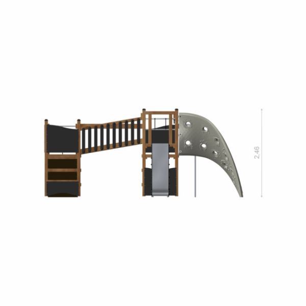 Aztec Natur - Klatretårn med rutsjebane og snoet klatrevæg er ikke kun et legeplads element, men også en kilde til udvikling af fysisk kondition. Børn kan klatre på træbroer, trække sig op ad den snoede klatrevæg, eller glide ned af den spændende rutsjebane. Med en kritisk faldhøjde på 236 cm og en sikkerhedszone på 1036x878 cm, opfylder dette produkt alle nødvendige sikkerhedsstandarder.
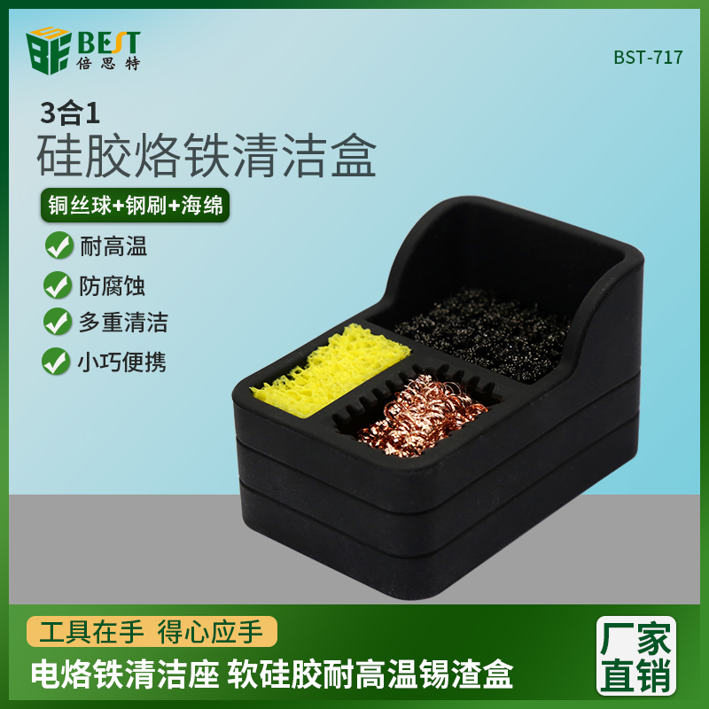 返回當(dāng)前位置: 首頁 / 產(chǎn)品中心 / BST-717 硅膠烙鐵清潔盒 三合一電烙鐵頭清潔盒 硅膠耐高溫焊咀焊接清潔銅絲球錫渣盒清潔器 清潔座
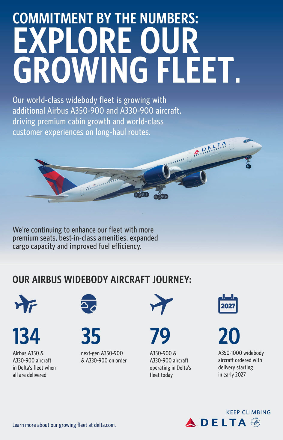 Delta’s fleet is undergoing significant renewal and expansion to match its international and premium growth strategy in the next decade and beyond. The new widebody entrants to the fleet will add more premium capacity to medium and long-haul international markets while improving fuel efficiency and margins.
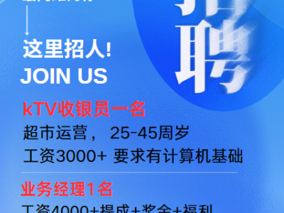 诚聘kTV收银员一名,工资3000。
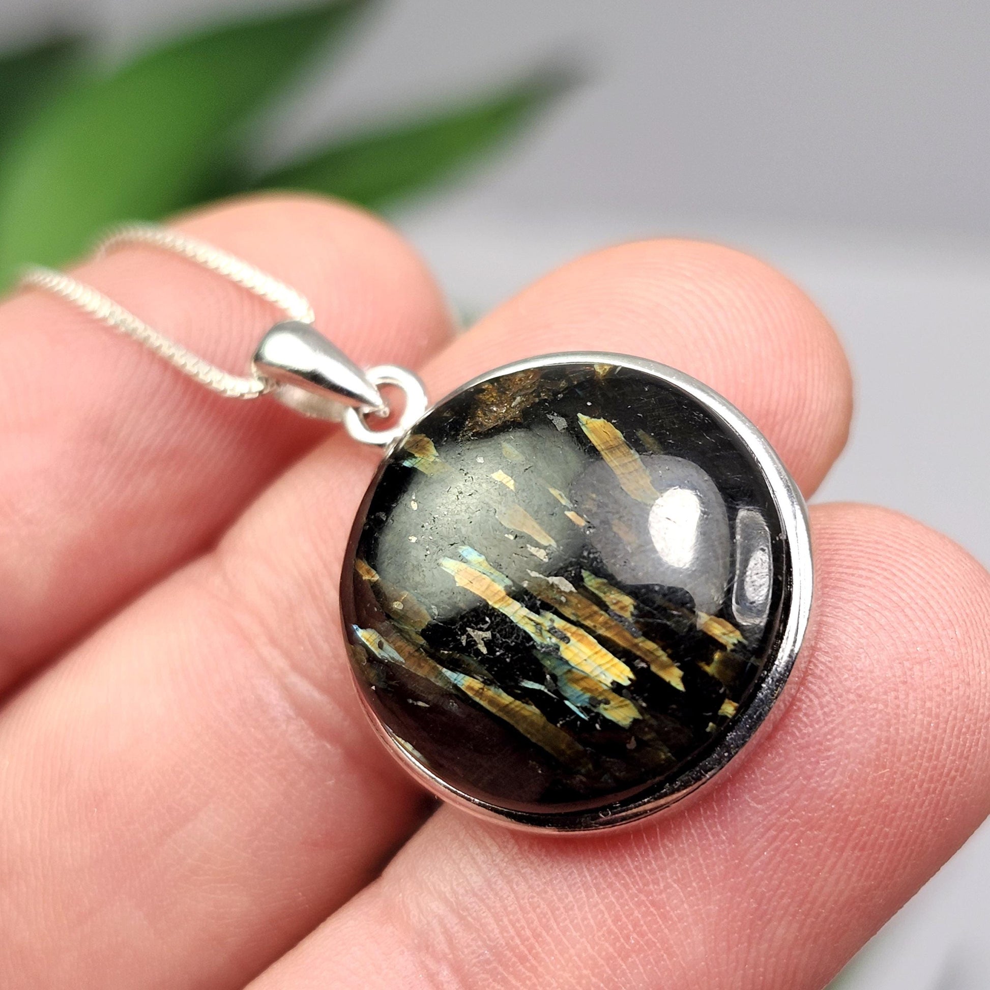 This highly polished Nuummite crystal is from Greenland and exhibits flecks of labradorescence that catch and reflect light. This crystal has been custom created into a sturdy piece of jewelry using .925 Sterling Silver. This pendant measures approximately 26mm by 18mm. The silver chain used in the photos is to help envision how this pendant will look while adorned but is not included in the listing.
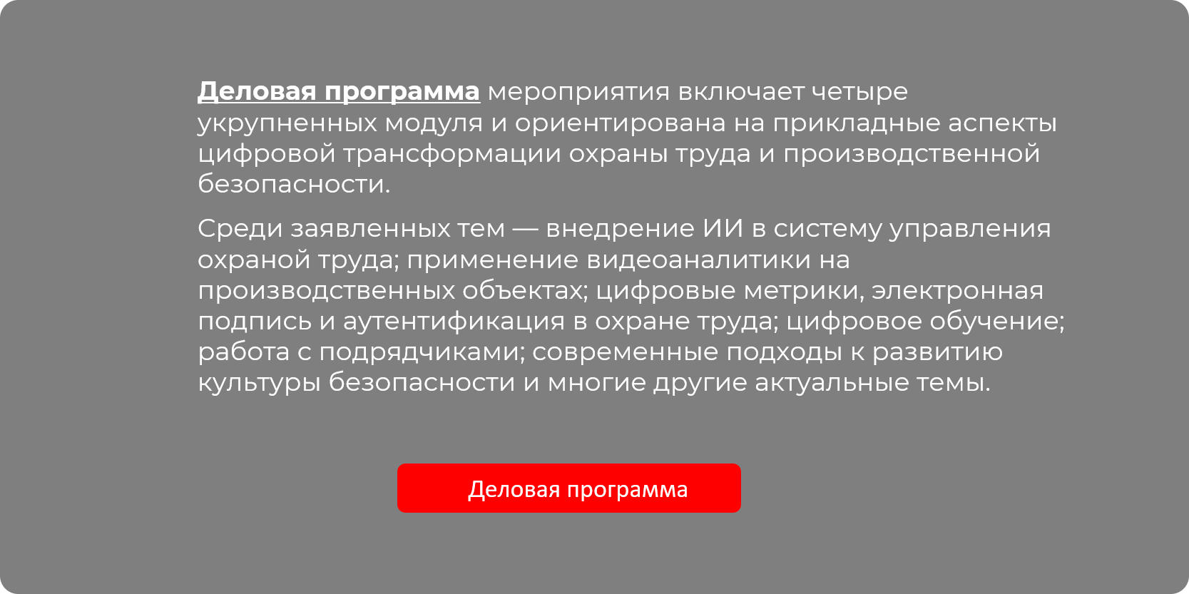 МИФОТ-26 объединяет проверенные технологические решения и реальные запросы промышленности. Форум дает возможность бизнесу оценить готовые инструменты для снижения травматизма и усиления ESG-позиций, специалистам в области охраны труда и производственной безопасности — получить актуальные знания и методы для внедрения, а разработчикам — найти партнеров для пилотных проектов.
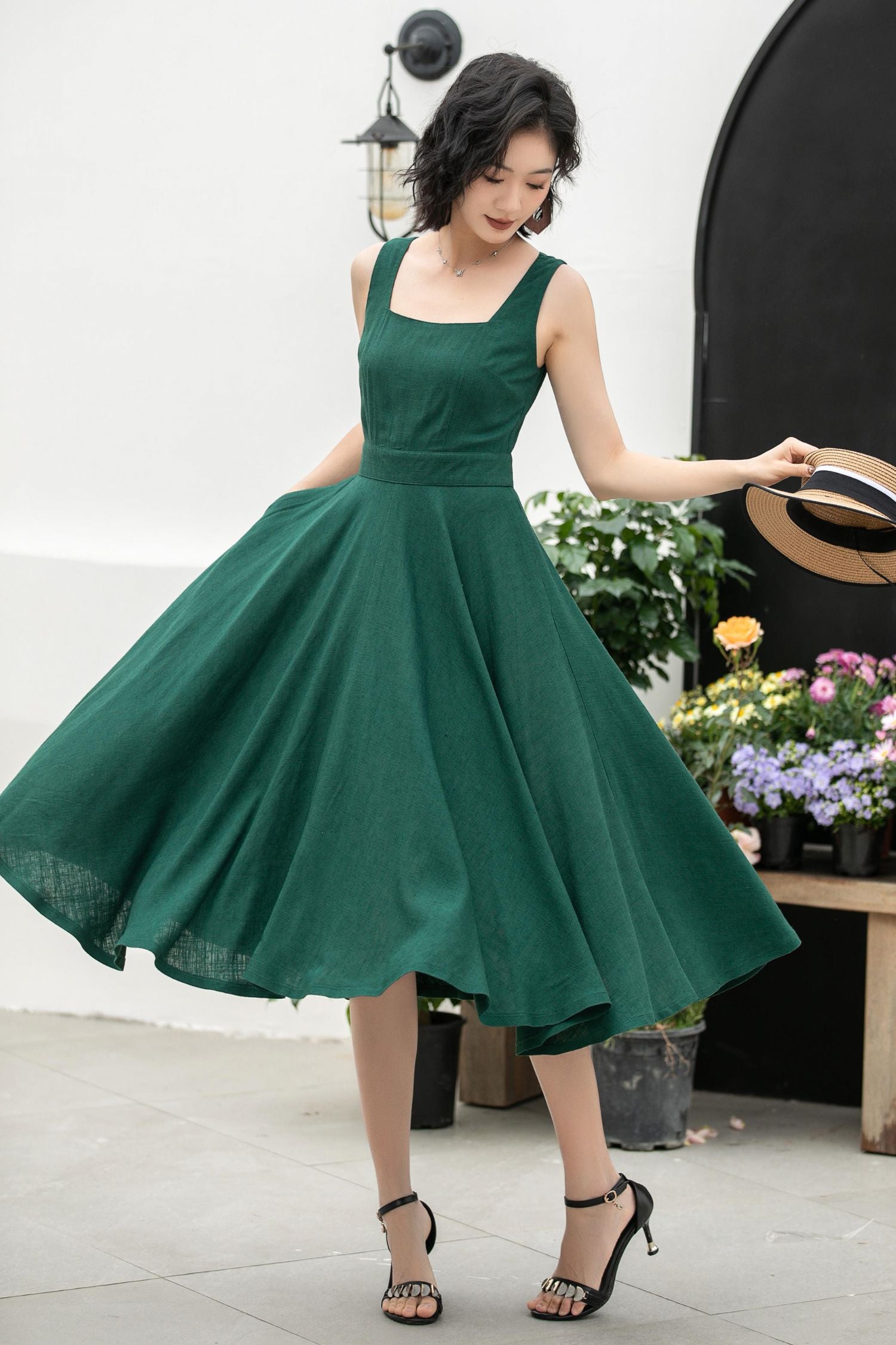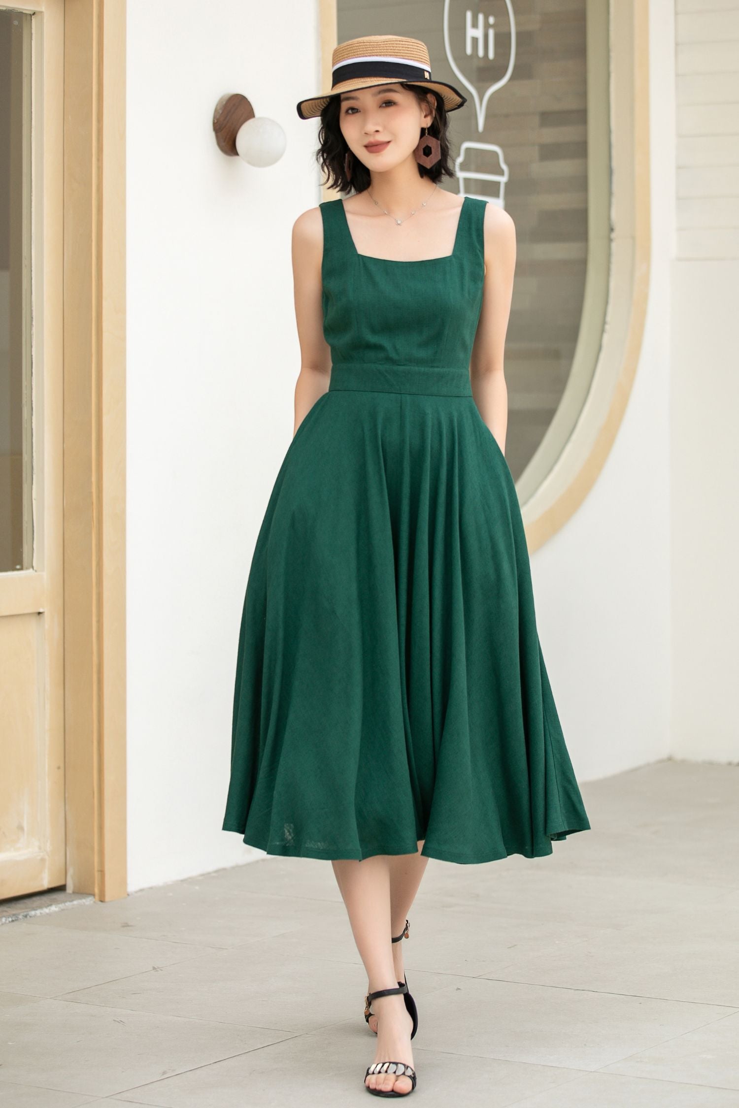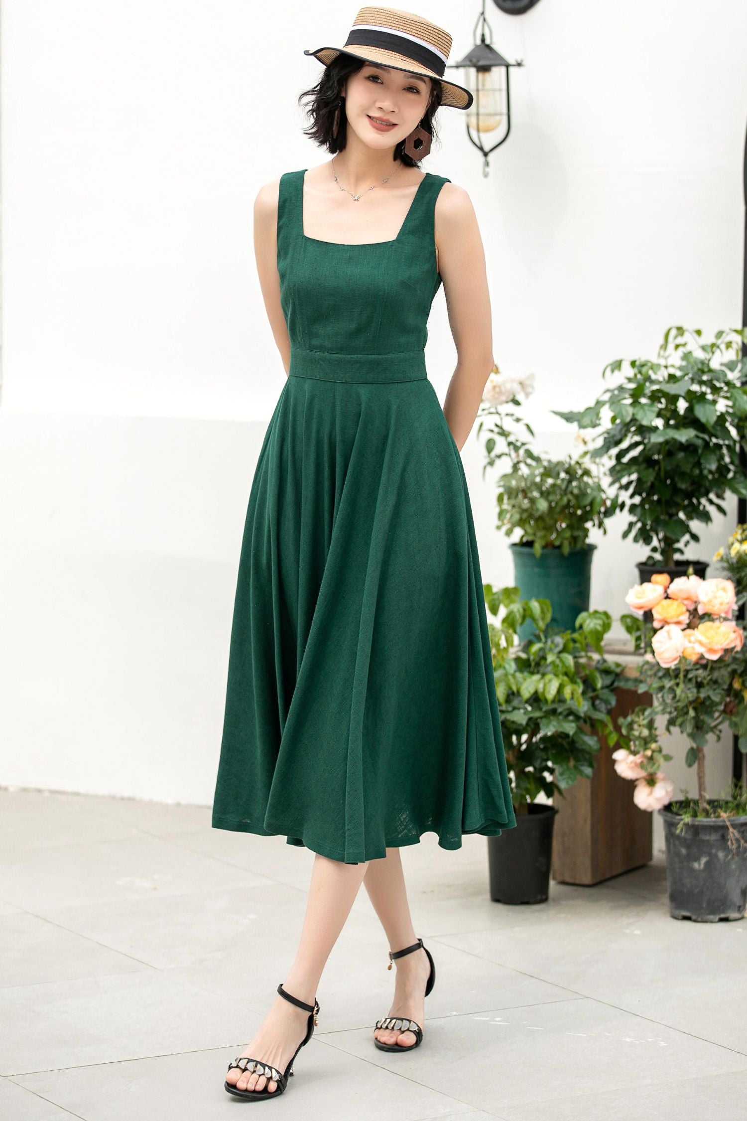 Stylish Deep Green A-Line Linen Suspender Dress with Square Neckline 5860
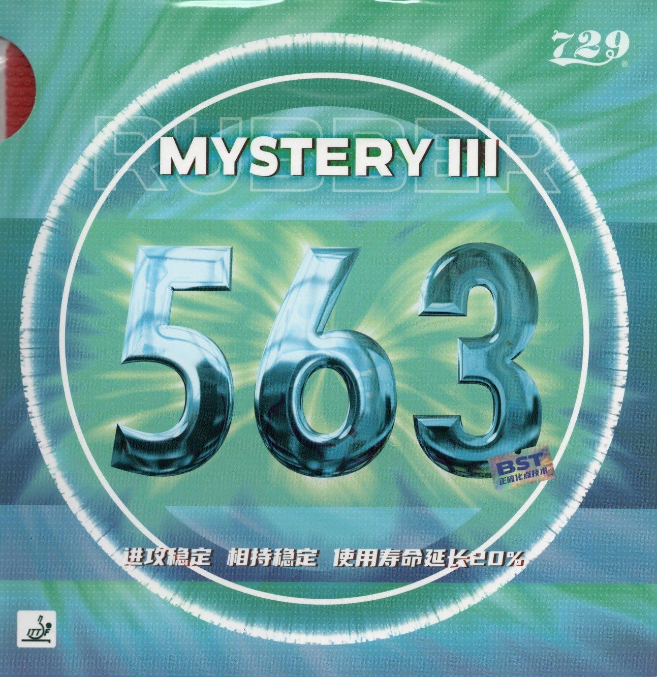 The 729 563 Mystery III is a medium pips-out rubber combining the classic 563 topsheet with the lively Mystery III high-tension sponge. It offers a perfect mix of control, speed, and disruptive effect, making it ideal for close-to-table blocking, counter-hitting, and controlled attacking. The tensioned sponge adds extra power and stability for versatile offensive play.
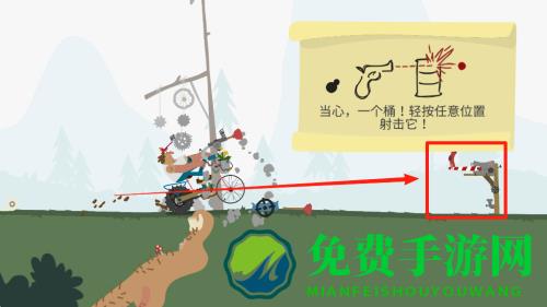 3、遇到路障时快速点击射击键,清除前方障碍保持骑行速度。
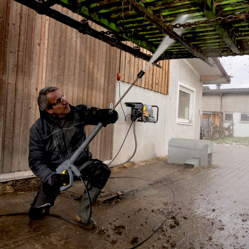 Модель оснащена мощным и легким в настройке насосом с коленчатым валом и низкооборотным 4-полюсным двигателем воздушно-водяного охлаждения с системой автоматического отключения. Насос защищен от частиц грязи встроенным фильтром для воды, допускающим легкую очистку. Стандартная комплектация включает все необходимое: пистолет, струйную трубку, шланг высокого давления длиной 10 м и мощное сопло.
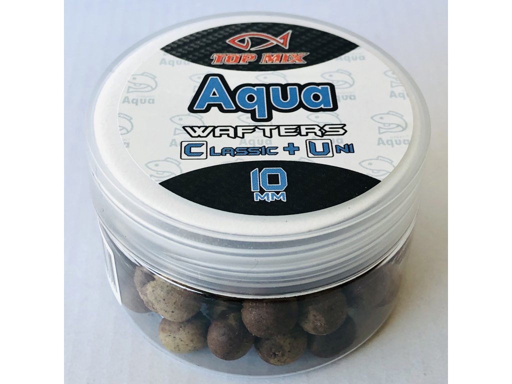 A Top Mix Aqua wafters termékcsalád tagjai azoknak a feeder horgászoknak készültek, akik szeretik az attraktív oldódó csalikat. Kikönnyített pelletek, de épp csak annyira, hogy fine tüske mellett #14 horgokkal is használhatók legyenek a legkisebb, 8-as méretek. 8mm és 10mm-es méretekben kapható minden íz. Oldódási képessége intenzív, "nyitott csali", hogy az aroma mellett beltartalmi értéke is csalogassa az oda tévedő halakat. Alapanyaga magas százalékban tartalmaz Aqua Garant Classic és Uni pellet őrleményt.
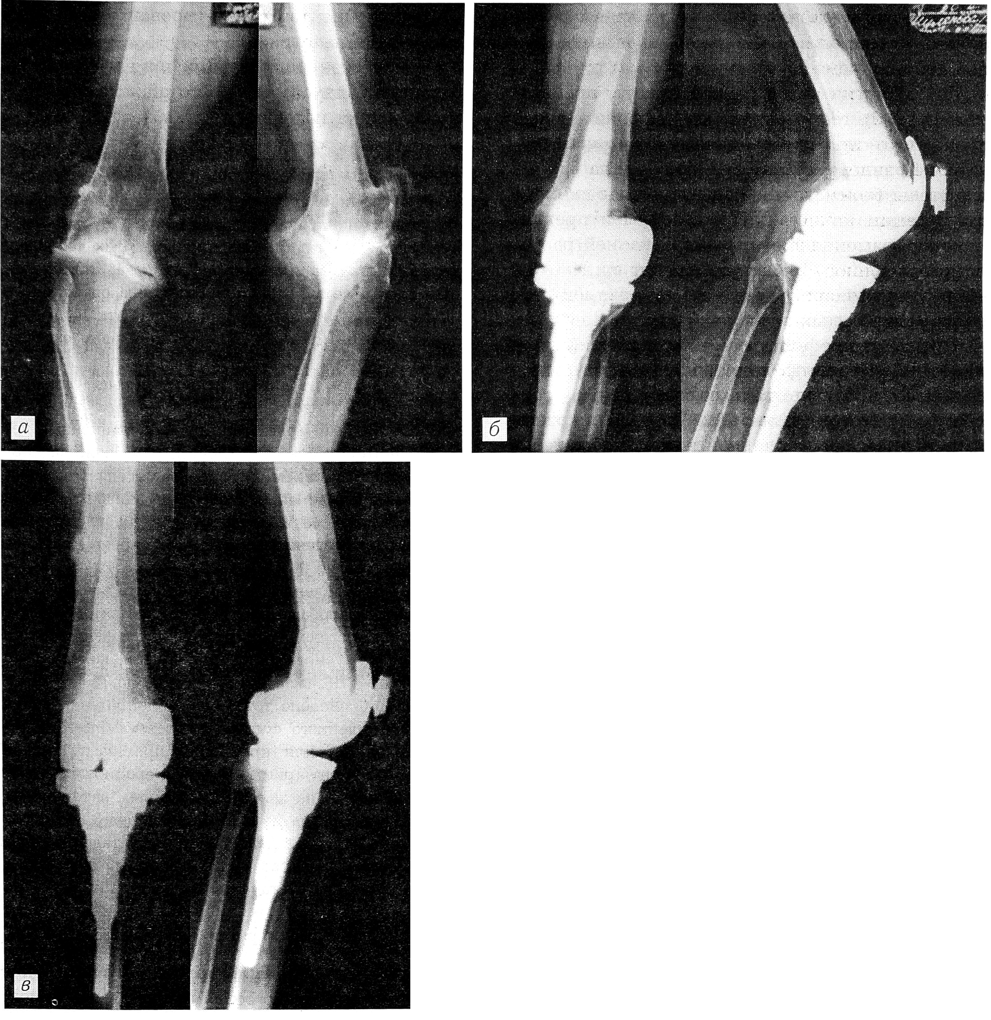 Больная Ш., 1918 года рождения, впервые обратилась в ЦИТО в 1990 г. с жалобами на боли в обоих коленных суставах, деформацию, нарушение опорности конечностей. Выявлены двусторонний гонартроз III стадии, контрактура обоих коленных суставов, варусная деформация (рис. 1, а). Больна в течение 30 лет. В 1988 г. произведена операция — лавсанопластика передней крестообразной и внутренней боковой связок правого коленного сустава. Боли в суставе продолжали беспокоить.

● ● ●

**EXERCISE GOAL:** Copy each line of the records above without change, but do not include any picture.

**ANSWER SECTION:**
 Aztec Natur - Klatretårn med rutsjebane og snoet klatrevæg er ikke kun et legeplads element, men også en kilde til udvikling af fysisk kondition. Børn kan klatre på træbroer, trække sig op ad den snoede klatrevæg, eller glide ned af den spændende rutsjebane. Med en kritisk faldhøjde på 236 cm og en sikkerhedszone på 1036x878 cm, opfylder dette produkt alle nødvendige sikkerhedsstandarder.
 返回當(dāng)前位置: 首頁 / 產(chǎn)品中心 / BST-717 硅膠烙鐵清潔盒 三合一電烙鐵頭清潔盒 硅膠耐高溫焊咀焊接清潔銅絲球錫渣盒清潔器 清潔座
 Delta’s fleet is undergoing significant renewal and expansion to match its international and premium growth strategy in the next decade and beyond. The new widebody entrants to the fleet will add more premium capacity to medium and long-haul international markets while improving fuel efficiency and margins.
 诚聘kTV收银员一名,工资3000。
 This highly polished Nuummite crystal is from Greenland and exhibits flecks of labradorescence that catch and reflect light. This crystal has been custom created into a sturdy piece of jewelry using .925 Sterling Silver. This pendant measures approximately 26mm by 18mm. The silver chain used in the photos is to help envision how this pendant will look while adorned but is not included in the listing.
 МИФОТ-26 объединяет проверенные технологические решения и реальные запросы промышленности. Форум дает возможность бизнесу оценить готовые инструменты для снижения травматизма и усиления ESG-позиций, специалистам в области охраны труда и производственной безопасности — получить актуальные знания и методы для внедрения, а разработчикам — найти партнеров для пилотных проектов.
 Stylish Deep Green A-Line Linen Suspender Dress with Square Neckline 5860
 The 729 563 Mystery III is a medium pips-out rubber combining the classic 563 topsheet with the lively Mystery III high-tension sponge. It offers a perfect mix of control, speed, and disruptive effect, making it ideal for close-to-table blocking, counter-hitting, and controlled attacking. The tensioned sponge adds extra power and stability for versatile offensive play.
 3、遇到路障时快速点击射击键,清除前方障碍保持骑行速度。
 Модель оснащена мощным и легким в настройке насосом с коленчатым валом и низкооборотным 4-полюсным двигателем воздушно-водяного охлаждения с системой автоматического отключения. Насос защищен от частиц грязи встроенным фильтром для воды, допускающим легкую очистку. Стандартная комплектация включает все необходимое: пистолет, струйную трубку, шланг высокого давления длиной 10 м и мощное сопло.
 A Top Mix Aqua wafters termékcsalád tagjai azoknak a feeder horgászoknak készültek, akik szeretik az attraktív oldódó csalikat. Kikönnyített pelletek, de épp csak annyira, hogy fine tüske mellett #14 horgokkal is használhatók legyenek a legkisebb, 8-as méretek. 8mm és 10mm-es méretekben kapható minden íz. Oldódási képessége intenzív, "nyitott csali", hogy az aroma mellett beltartalmi értéke is csalogassa az oda tévedő halakat. Alapanyaga magas százalékban tartalmaz Aqua Garant Classic és Uni pellet őrleményt.
 Больная Ш., 1918 года рождения, впервые обратилась в ЦИТО в 1990 г. с жалобами на боли в обоих коленных суставах, деформацию, нарушение опорности конечностей. Выявлены двусторонний гонартроз III стадии, контрактура обоих коленных суставов, варусная деформация (рис. 1, а). Больна в течение 30 лет. В 1988 г. произведена операция — лавсанопластика передней крестообразной и внутренней боковой связок правого коленного сустава. Боли в суставе продолжали беспокоить.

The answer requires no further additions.